Le constat d’une impuissance

L’attentat du 6 avril 1994 a entraîné, ainsi que l’a rappelé le Secrétaire général de l’ONU dans sa lettre du 29 avril 1994 adressée au Président du Conseil de sécurité, deux effets principaux : tout d’abord, la rupture du cessez-le-feu et la reprise des combats entre FAR et FPR ; ensuite, le déclenchement de ce qui est encore présenté comme des " massacres à grande échelle de civils innocents ".

Dès lors, la mission de la MINUAR, telle qu’elle était définie par la résolution 872, devenait totalement inadaptée à l’évolution de la situation. Du fait de la reprise des hostilités, il n’y a plus de cessez-le-feu à superviser ni de conditions générales de sécurité à maintenir, et encore moins d’institutions provisoires à mettre en place.
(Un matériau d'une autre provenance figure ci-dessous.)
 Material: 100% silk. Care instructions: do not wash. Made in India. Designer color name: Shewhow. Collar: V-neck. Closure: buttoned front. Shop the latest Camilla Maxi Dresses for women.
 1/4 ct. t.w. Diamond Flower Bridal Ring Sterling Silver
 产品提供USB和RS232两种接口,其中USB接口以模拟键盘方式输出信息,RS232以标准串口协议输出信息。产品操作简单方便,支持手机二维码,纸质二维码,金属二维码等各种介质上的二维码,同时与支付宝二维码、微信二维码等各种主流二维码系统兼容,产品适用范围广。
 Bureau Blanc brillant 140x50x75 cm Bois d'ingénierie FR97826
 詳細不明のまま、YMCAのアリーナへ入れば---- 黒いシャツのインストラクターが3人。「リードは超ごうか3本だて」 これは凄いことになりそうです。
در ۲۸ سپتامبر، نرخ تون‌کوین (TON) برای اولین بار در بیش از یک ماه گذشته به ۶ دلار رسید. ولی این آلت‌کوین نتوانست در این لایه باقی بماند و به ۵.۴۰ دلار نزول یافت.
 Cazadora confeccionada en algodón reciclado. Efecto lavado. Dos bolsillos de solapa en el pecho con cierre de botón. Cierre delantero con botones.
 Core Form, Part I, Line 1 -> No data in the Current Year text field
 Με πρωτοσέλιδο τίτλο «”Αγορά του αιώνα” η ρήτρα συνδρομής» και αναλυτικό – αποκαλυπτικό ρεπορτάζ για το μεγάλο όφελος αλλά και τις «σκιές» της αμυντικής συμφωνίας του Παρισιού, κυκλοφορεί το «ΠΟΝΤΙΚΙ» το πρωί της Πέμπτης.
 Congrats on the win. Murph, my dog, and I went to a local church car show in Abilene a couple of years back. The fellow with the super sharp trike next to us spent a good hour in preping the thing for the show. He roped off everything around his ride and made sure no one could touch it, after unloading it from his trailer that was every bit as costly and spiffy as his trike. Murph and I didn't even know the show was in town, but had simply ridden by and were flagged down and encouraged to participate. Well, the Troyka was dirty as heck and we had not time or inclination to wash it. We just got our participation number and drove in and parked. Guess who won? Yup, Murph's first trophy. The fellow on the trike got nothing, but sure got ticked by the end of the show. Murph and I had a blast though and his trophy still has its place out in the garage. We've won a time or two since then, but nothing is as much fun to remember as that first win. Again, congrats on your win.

La décision du Gouvernement belge, annoncée le 12 avril, de retirer son contingent (retrait effectif dès le 13) à la suite de l’assassinat le 7 avril de dix casques bleus belges chargés d’assurer la protection du Premier Ministre Agathe Uwilingiyimana, a du reste déstabilisé totalement l’organisation de la MINUAR. Ce constat pessimiste est celui du Secrétaire général de l’ONU dans une lettre en date du 13 avril 1994, dans laquelle il avertit le Président du Conseil de sécurité que la MINUAR ne pourra s’acquitter de son mandat si le contingent belge n’est pas remplacé par un autre contingent aussi bien équipé que lui ou si le Gouvernement belge ne revient pas sur sa décision.

Cette mise en cause de l’attitude belge, qui n’est pas dans les usages de l’ONU, a suscité en retour une lettre du Représentant permanent belge au Conseil de sécurité, en date également du 13 avril 1994, dans laquelle il soulignait que le processus d’Arusha, qui fondait la présence de la MINUAR au Rwanda, était interrompu et que, dès lors, le cadre de son mandat était devenu sans objet. C’est la raison pour laquelle, argumentait-il, le Gouvernement belge était d’avis de prononcer sans délai la suspension des activités de cette mission en attendant que les conditions fussent réunies pour reprendre le processus de paix.

De son côté, le Gouvernement du Bangladesh, le principal fournisseur de troupes de la MINUAR -900 hommes- demandait au Secrétaire général, dans une lettre datée du 15 avril 1994, de s’assurer la sécurité des casques bleus et, si cela était impossible, d’envisager le retrait de son contingent.

Ainsi sollicité, le Secrétaire général de l’ONU dans son rapport du 20 avril 1994 estimait qu’au regard de l’évolution des événements, il était " devenu impossible à la Mission de continuer à s’acquitter des tâches qui lui avaient été confiées ".

Les actions de la MINUAR

Les jugements portés sur l’action de la MINUAR à partir du 6 avril 1994 sont généralement d’une grande sévérité. M. Michel Roy a comparé l’attitude de l’ONU pendant les événements " à de la non-assistance à population en danger ". M. Jean-Hervé Bradol a regretté que " la MINUAR n’ait rien fait pour empêcher les assassins de tuer ". Cette attitude est conforme à ce qu’avaient annoncé les responsables de la MINUAR puisque le 15 mars 1994 le Colonel Marchal, en charge pour la MINUAR de la sécurité du secteur de Kigali, avait averti le Colonel Bernard Cussac qu’il n’y aurait pas d’interposition de la MINUAR en cas de reprises des combats.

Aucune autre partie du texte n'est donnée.